We recently acted as counsel in the following representative transactions:

  • Represented the selling shareholders of a private Utah-based consumer products company for consideration in excess of $490 million.
  • Represented the shareholders of Seagull Book and Covenant Communications in connection with their sale to Deseret Book Company.
  • Represented a private developer of integration software products in connection with its $75,000,000 acquisition by a large multi-national publicly traded software company.
  • Represented the issuer in connection with a series of transactions for the sale of more than $50,000,000 of convertible preferred stock to four separate investors and the subsequent registration with the Securities and Exchange Commission of the common stock of the issuer into which the preferred stock was convertible.
  • Represented BriteSmile, Inc., a publicly-traded, international provider of teeth-whitening systems, in connection with the $35 million sale to Discus Dental, Inc. of its associated center business, consisting of offering teeth-whitening procedures and products through more than 5,000 existing independent dental offices.

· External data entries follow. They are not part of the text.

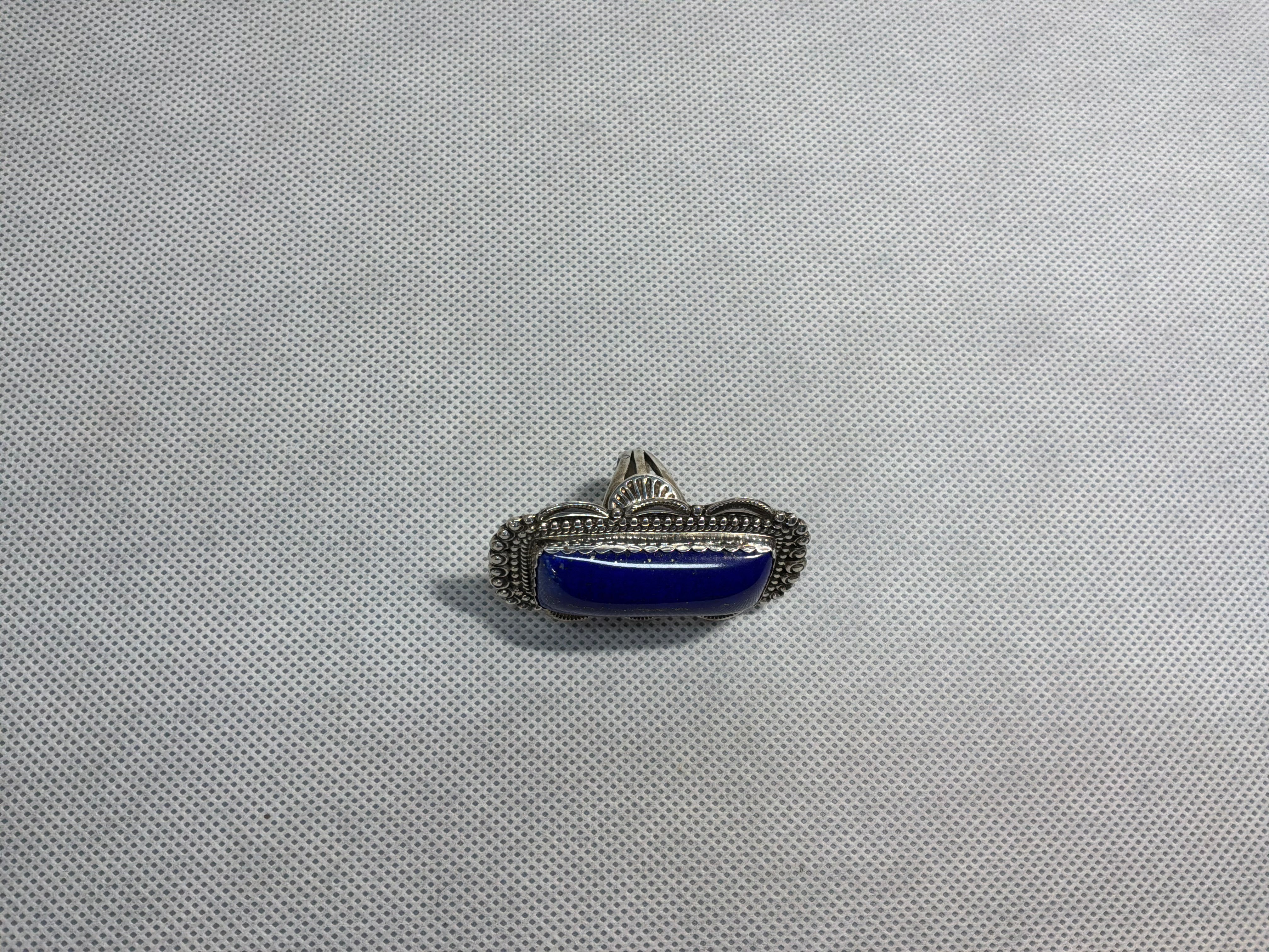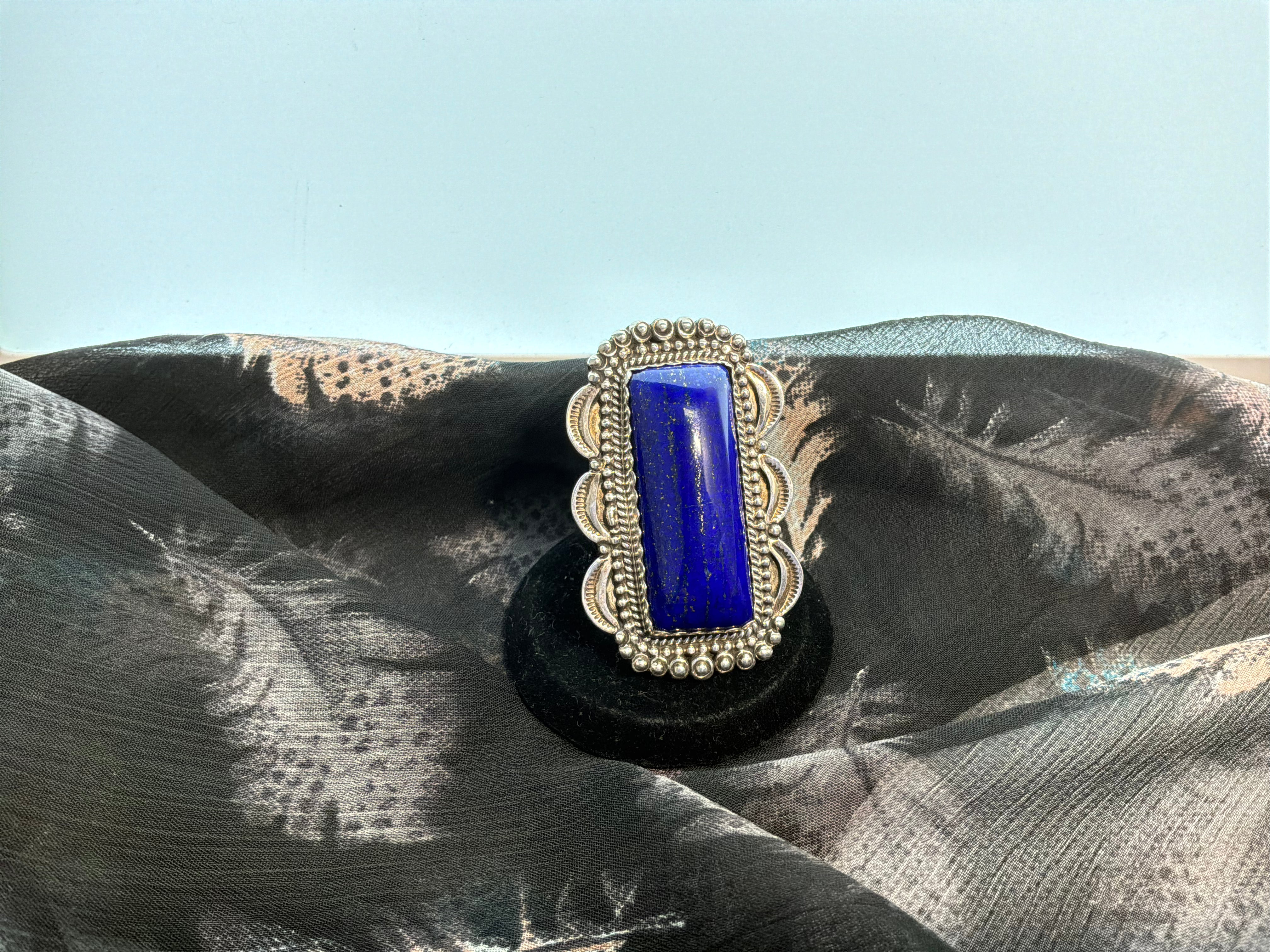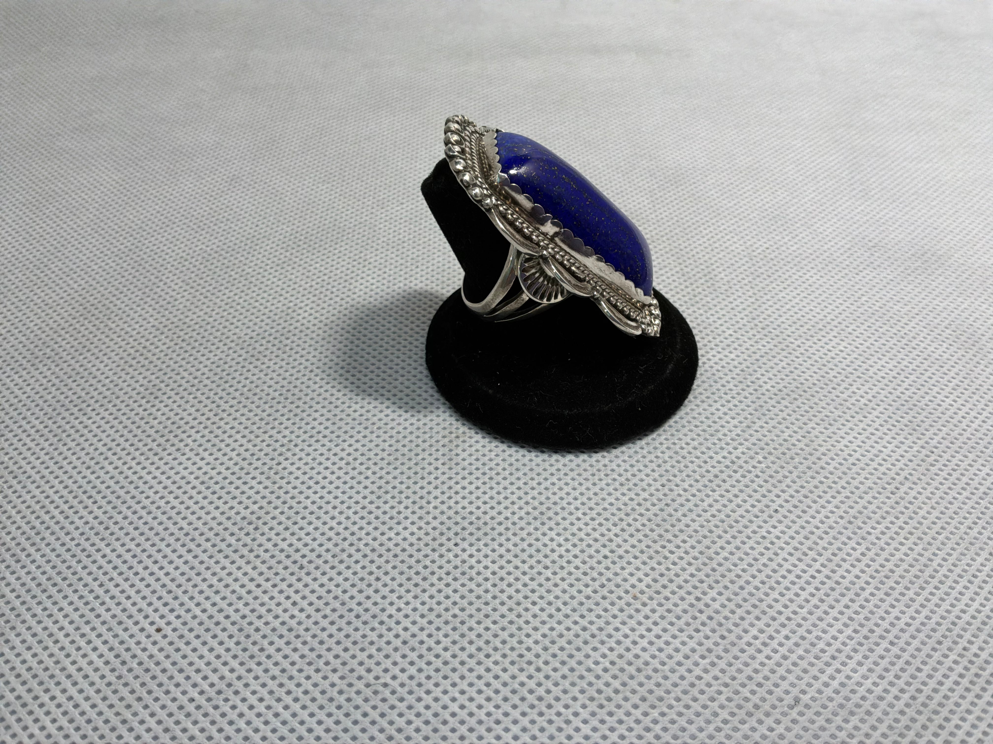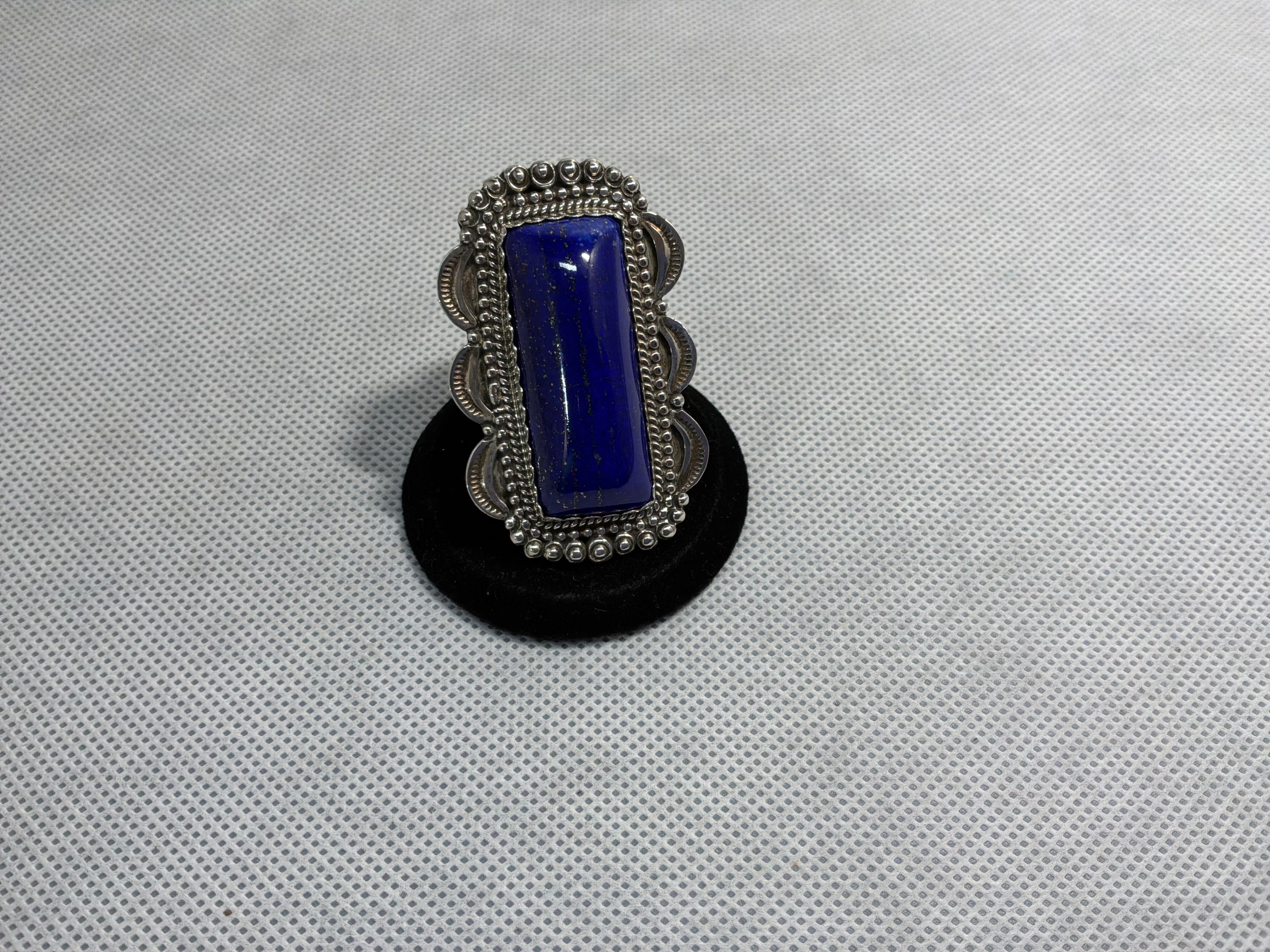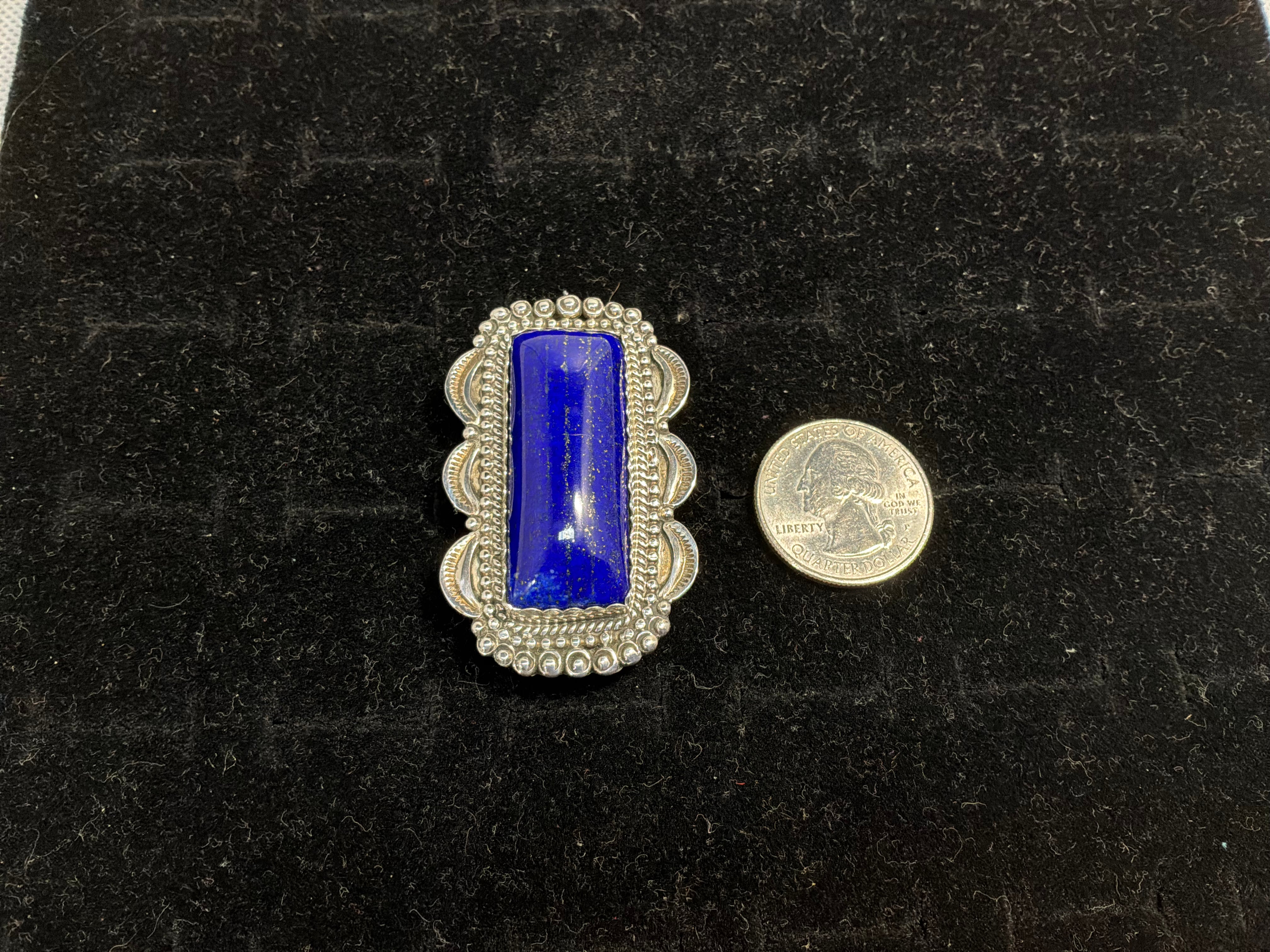 Sterling silver Lapis ring, size 9. Rectangle ring with measurements of 2" long and 1 1/2" across. Split shank 1/4" wide. Artist initials and sterling stamped on back.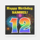 Den här roligten har en sjudande papper napkin-design med ett färgstarkt berömmande fyrverkerier som inspirerat mönster, tillsammans med siffran "12" med en flerfärgad regnbåge som övertonande mönster, på en svart färgad. Det innehåller också ett anpassade namn och ett händelsemeddelande. Pappra servetter som denna kan användas vid ett party som hålls för att fira någons tolfte födelsedag. [~Z0000326]
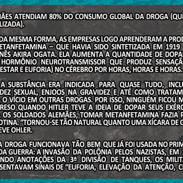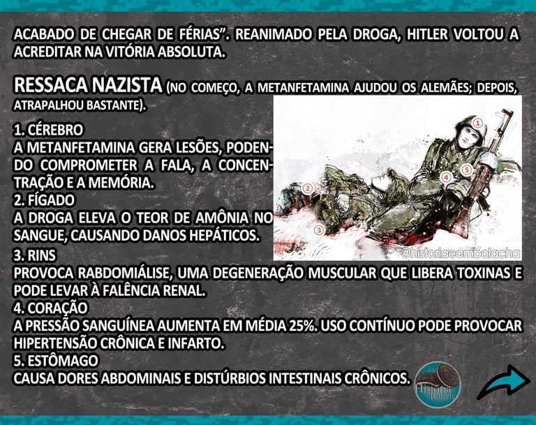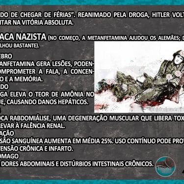 Mesmo com todos esses memes e exageros visuais, o tema é sério: a 2ª Guerra foi também uma guerra química – não só de armas, mas de drogas legais, “remédios milagrosos” e estimulantes distribuídos em escala industrial.

  • Represented BriteSmile, Inc. in connection with the sale of $20,000,000 of convertible debentures and warrants to eleven separate investors and the subsequent registration with the Securities and Exchange Commission of the common stock of the issuer into which the debentures were convertible.
  • Represented MB Media Group, Inc., a St. George, Utah company, in connection with the sale of all of its radio station holdings, to Cherry Creek Radio, a national multimedia holding company.
  • Represented Dynatronics Corporation, a Nasdaq-traded company engaged in the business of medical and physical therapy supply manufacturing and sales, in the simultaneous acquisition by merger of 6 independent medical supply companies.
  • Represented selling shareholders of Crownline Boats, Inc. in a private equity sale to Pouschine Cook Capital Management.
  • Represented nCoat, a private company that recently merged into a public shell, in connection with its purchase of approximately $12,000,000 of convertible notes and warrants.
  • Represented Mercury General Corporation, an NYSE-listed national insurance company, in the divestiture of its Texas insurance agency business.
  • Represented Mad Catz Interactive, Inc., a leader in innovative video game entertainment accessories, in its acquisition of Take-Two Interactive Software, Inc.'s Joytech accessory business.
  • Represented Align Financial Group, Inc., an insurance holding company in Southern California, in its acquisition by James River Group, Inc., a Nasdaq traded insurance holding company.
  • Represented CirTran, a publicly-traded company, in connection with the sale of convertible debentures in the amount of approximately $10,000,000 to two entities.